**** Records for this task

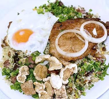 Lombo, bacon, torresmo, ovo, arroz, feijão e couve.
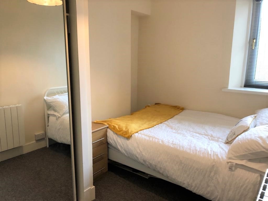 To the front of the property, there's a spacious lounge with feature fireplace & TV stand. Centrally located is the bathroom fitted with a white three piece suite & overhead electric shower. To the rear, there’s a double bedroom with double bed, fitted wardrobes & chest of drawers. Modern fitted kitchen with all the usual appliances including a fridge freezer, microwave, electric oven and hob. ECH & DG throughout. Shared garden to the rear. On street parking is available and viewing is highly recommended. EPC rating: E. Landlord Registration Number: 235301/100/04421.
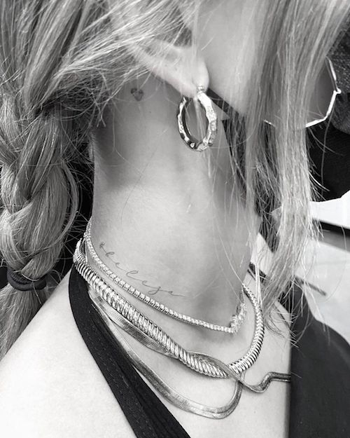 Si tratta di una J che Hailey si è fatta incidere sull’anulare sinistro, una sorta di fede indelebile che le ricorderà per sempre il suo legame travolgente col 26enne, e della scritta “beleza“, che fa bella mostra di sé sul collo della signora Bieber.
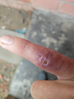 A 40-year-old Venezuelan patient, who has been living in the municipality for 7 years, is presented at the emergency room of the public hospital in Tibú-Colombia. He reports intense pain in the little finger of his right hand, due to a visible severe inflammation above the proximal phalanx. The vital signs are normal, with no significant involvement.
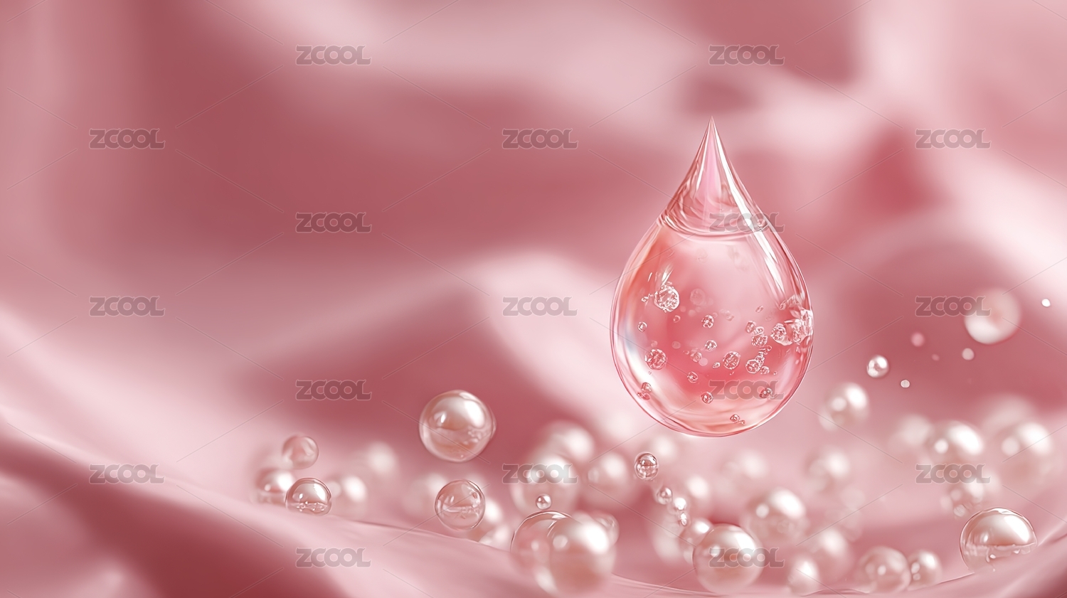 3D,粉色,美妆,水滴,珍珠,分子,精华,护肤,化妆品
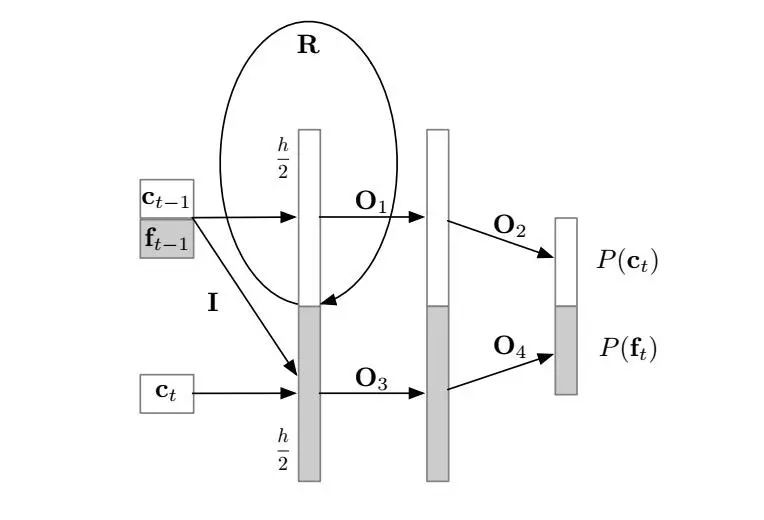 作者将 RNN 的状态分成两部分,c 代表粗(高 8 位)样本,f 代表细(低八位)样本。每一个部分分别输入对应的 softmax 层,对 8 位细样本的预测是基于 8 位粗样本的。R 与粗样本和细样本同时相乘,门输出只用于估算粗样本,然后采样得到 ct。从 P(c) 中采样得到 c 后,估算细样本,然后采样得到 ft。

********

From the line that holds "3D,粉色,美妆,水滴,珍珠,分子,精华,护肤,化妆品" to the last line of the records, please copy each line exactly and nothing else. Pictures stay out.

 3D,粉色,美妆,水滴,珍珠,分子,精华,护肤,化妆品
 作者将 RNN 的状态分成两部分,c 代表粗(高 8 位)样本,f 代表细(低八位)样本。每一个部分分别输入对应的 softmax 层,对 8 位细样本的预测是基于 8 位粗样本的。R 与粗样本和细样本同时相乘,门输出只用于估算粗样本,然后采样得到 ct。从 P(c) 中采样得到 c 后,估算细样本,然后采样得到 ft。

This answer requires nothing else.